(Beginning of Supplied material)
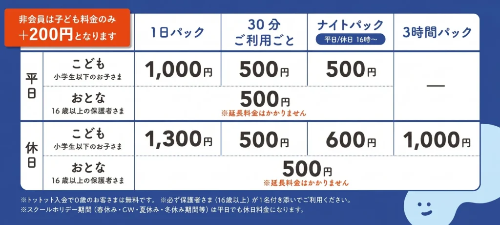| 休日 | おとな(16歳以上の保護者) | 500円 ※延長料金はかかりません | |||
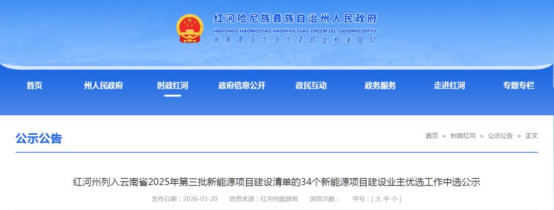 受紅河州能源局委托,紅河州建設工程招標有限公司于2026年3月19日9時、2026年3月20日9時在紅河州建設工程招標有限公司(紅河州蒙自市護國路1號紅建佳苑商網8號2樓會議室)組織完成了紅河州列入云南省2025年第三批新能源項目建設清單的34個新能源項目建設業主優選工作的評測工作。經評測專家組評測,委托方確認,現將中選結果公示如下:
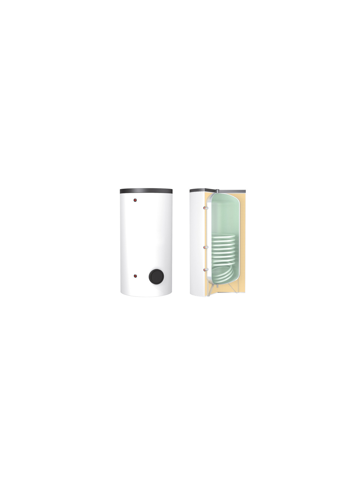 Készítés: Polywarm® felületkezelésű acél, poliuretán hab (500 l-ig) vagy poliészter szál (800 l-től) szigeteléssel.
(End of Supplied material)
[What is required]
Reproduce the entire listing exactly, except for any pictures it contains.

[Answer section]
| 休日 | おとな(16歳以上の保護者) | 500円 ※延長料金はかかりません | |||
 受紅河州能源局委托,紅河州建設工程招標有限公司于2026年3月19日9時、2026年3月20日9時在紅河州建設工程招標有限公司(紅河州蒙自市護國路1號紅建佳苑商網8號2樓會議室)組織完成了紅河州列入云南省2025年第三批新能源項目建設清單的34個新能源項目建設業主優選工作的評測工作。經評測專家組評測,委托方確認,現將中選結果公示如下:
 Készítés: Polywarm® felületkezelésű acél, poliuretán hab (500 l-ig) vagy poliészter szál (800 l-től) szigeteléssel.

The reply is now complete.